Between 2010 and 2020, the surname Arp went from 3,401 recorded bearers to 3,263. That is a decrease of 138 (-4.1%). In the national ranking it rose from #9,560 to #9,529.
Among Census respondents with the surname Arp, the largest self-reported group is White at 91.0%. The next largest groups are Hispanic (3.1%) and Two or More Races (2.5%). These figures come from the 2020 Census Bureau surname tables, based on how respondents described their own race and ethnicity.
White is the largest self-reported group for the surname Arp in the 2020 Census, accounting for 91.0% (2,970 people in the source table).
Arp appears across multiple self-reported groups in the Census data. The largest shares in the 2020 file are White (91.0%), Hispanic (3.1%), Two or More Races (2.5%). For 2020, the source file also published raw headcounts for each group, which is why this page can show both percentages and counts in the ancestry section.
Yes. This page is using the latest surname file currently loaded on Name Census, which is 2020. The historical section above also keeps any older Census surname entries we have for Arp (2000, 2010, 2020).
No. The Census Bureau only publishes surnames that appeared at least 100 times in a given decennial Census. That means very rare surnames are excluded entirely, and a surname can appear in one Census release but disappear from a later one if it falls below the reporting threshold.
There are two main reasons: rounding and suppression.
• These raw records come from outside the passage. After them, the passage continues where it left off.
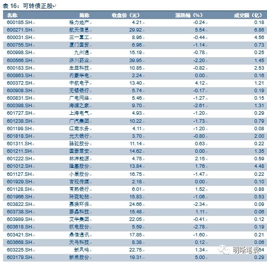 本周一沪深两市同向变动,尾盘上证综指下跌0.17%,深证成指下跌0.12%。上周中证转债指数持平,个券来看银行转债以及电子转债表现不俗,成交量则延续跌势。近期市场整体依旧处于震荡磨底的阶段,虽然偶尔数个交易日市场跃跃欲试小幅走强,但随即展开调整,场内情绪之谨慎一览无遗。总体而言,我们认为当前转债市场最不需要担忧风险是踏空风险,其背后主要来源于三方面:一是不管是内部数据还是外部潜在风险仍存在不少因素持续压制股市表现,前述也曾阐述股市的即使反弹也必将面临反复难以一蹴而就,且就短期而言仍存诸多压制因素;二是转债市场整体溢价率仍维持在较高位置,相较其正股个券弹性明显偏弱,因此即使正股迎来反弹对应转债标的也未必能充分享受;三是转债市场内部强者恒强的逻辑仍在持续,多数优质标的价格相对偏高上涨空间受限,而价格具备性价比标的不管是正股资质或是短期弹性并没有提供充足的安全垫,可以参与的标的数量未迎来明显改善。综合来看,转债市场并不缺乏时间也不缺乏潜在的空间,我们曾多次在周报中强调可以更有耐心一点,当下时点来看此状态并未出现明显变化,大可以视权益市场整体走势再做定夺。因此短期策略建议维持中性仓位,重点关注低溢价率个券特别是近期发行的新券。具体标的建议关注东财转债、三一转债、崇达转债、星源转债、景旺转债、博世转债、新凤转债、安井转债、新泉转债、艾华转债以及银行转债。
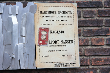 Hið svokallaða Nansen-vegabréf var tilraun Þjóðabandalagsins til að stemma stigu við flóttamannavandanum á þriðja áratug 20. aldar. Myndin sýnir Nansen-vegabréf á vegg í ráðhúsinu í Osló í Noregi en Friðþjófur Nansen, sem vegabréfið er kennt við, var norskur. |
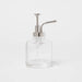 Give your bath space a quick update with this Oil Can Soap Pump from Threshold. Crafted from clear solid glass, this round soap dispenser displays a smooth, gleaming body for easy viewing, and the easy-to-use metal pump comes with a curved spout that gives you just the right amount of liquid every time. This versatile glass soap dispenser blends easily with any existing decor and can dress up any corner of your home, from kitchen to bathroom counters or even your vanity. Pair with coordinating glass accessories for a modern, minimalist vibe in your space.

The Census Bureau rounds published values, and it may suppress very small cells to protect privacy. For 2020, the Bureau also published raw group counts rather than direct percentages, so Name Census converts those counts back into shares for comparability across census years.
Derived from a Middle English nickname meaning "dark-haired," or from a place name meaning "harp-shaped hill." The fuller origin note on this page goes into more detail.
All surname statistics on Name Census are drawn from the US Census Bureau's decennial surname frequency tables. These files list every surname that appeared 100 or more times in the 2020 Census, along with a count, a per-100,000 rate, and a self-reported demographic breakdown. You can read the full explanation on our methodology page.
For surnames, Name Census does not age cohorts the way it does for first names. Instead, it takes the Census Bureau's published frequency for Arp (1.09 per 100,000) and applies that rate to the current U.S. resident population to estimate how many living Americans have the surname today.
Find out how many people are called Arp on our sister site HowManyOfMe.org — a quick modern estimate with the living-bearer count front and centre.